例として、自然な笑いでは前帯状回が反応しますが、作り笑いでは中心前回の錐体路が反応します。

また、ギャンブル課題での意思決定の質は腹内側前頭前野を損傷すると低下します。
ギャンブリング課題とは、一般的に複数あるカードの山のいずれからからカードを1枚ずつ引いてゆき、カードに書かれている金額を獲得したり失ったりする中で、より多くの金額を稼ぐことを目指すものです。
カードの山にはハイリスク・ハイリターン、およびローリスク・ローリターンのものがあり、前者の山からカードを引き続けると中長期的には必ず損をするよう確率的に固定されています。
健常の場合、課題の進行に伴ってリスキーな前者の山を避けるようになりますが、腹内側前頭前野の損傷者は短期的に得られる大報酬にこだわり続けた結果、大きく損をします。
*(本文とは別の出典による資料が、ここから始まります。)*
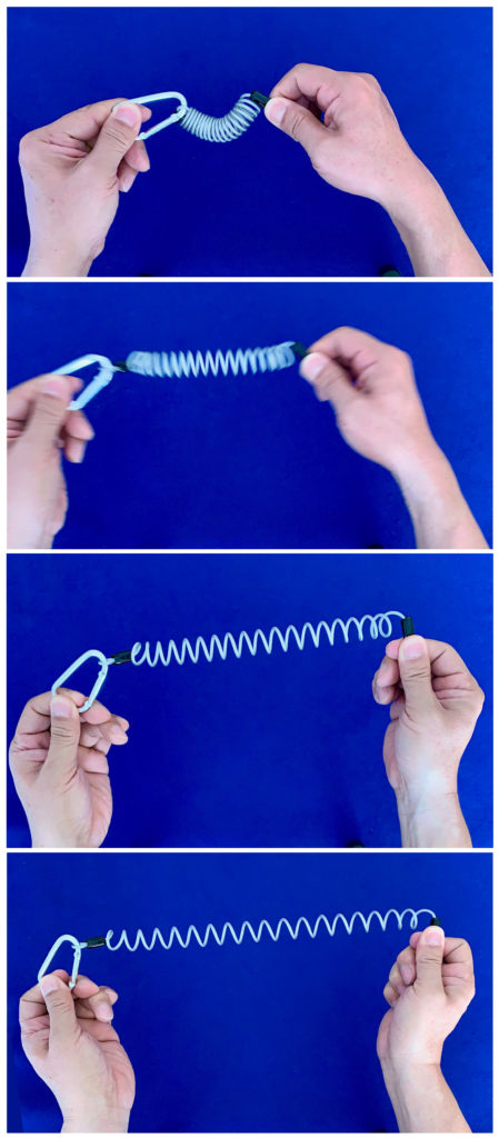 私は,ずっと下を向き続けているUさんに,「これ,見て。ビヨーン,ビヨーンって,引っ張ると伸びて,力を抜くと元に戻って縮むんだよ」と言って,スプリング式キーホルダー(ダイソー製・写真1)を伸び縮みさせて見せました(写真2)。

このように腹内側前頭前野は中・長期的な展望に立った意思決定を導くための基盤として、中枢-末梢の機能的連関のもとリスクを回避し意思決定の最適化に関わっています。

以上、2回にわたり武田克彦先生に「前頭葉」についてご講演をいただいた内容をご報告します。 次回は平成28年3月10日に武田克彦先生にご講演をしていただく予定となっています。